YOUR TASK ▸
Search the material below for the string "that" and copy each line where it appears.

SUPPLIED ENTRIES ▸
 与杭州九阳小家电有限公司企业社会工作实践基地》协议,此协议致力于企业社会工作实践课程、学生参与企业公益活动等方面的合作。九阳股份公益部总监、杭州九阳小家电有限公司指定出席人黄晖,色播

...

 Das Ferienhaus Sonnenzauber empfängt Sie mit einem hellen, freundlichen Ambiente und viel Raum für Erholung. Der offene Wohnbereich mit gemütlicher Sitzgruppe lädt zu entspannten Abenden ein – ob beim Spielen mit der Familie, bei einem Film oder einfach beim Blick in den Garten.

...

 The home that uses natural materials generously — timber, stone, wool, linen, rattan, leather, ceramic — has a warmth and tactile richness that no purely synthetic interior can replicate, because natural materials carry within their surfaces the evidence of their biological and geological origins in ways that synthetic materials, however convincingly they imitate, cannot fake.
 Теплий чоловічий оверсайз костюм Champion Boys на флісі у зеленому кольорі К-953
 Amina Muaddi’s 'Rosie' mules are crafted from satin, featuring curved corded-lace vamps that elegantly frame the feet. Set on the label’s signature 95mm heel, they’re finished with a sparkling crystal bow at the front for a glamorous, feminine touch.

SOLUTION FOR THIS EXERCISE ▸
 The home that uses natural materials generously — timber, stone, wool, linen, rattan, leather, ceramic — has a warmth and tactile richness that no purely synthetic interior can replicate, because natural materials carry within their surfaces the evidence of their biological and geological origins in ways that synthetic materials, however convincingly they imitate, cannot fake.
 Amina Muaddi’s 'Rosie' mules are crafted from satin, featuring curved corded-lace vamps that elegantly frame the feet. Set on the label’s signature 95mm heel, they’re finished with a sparkling crystal bow at the front for a glamorous, feminine touch.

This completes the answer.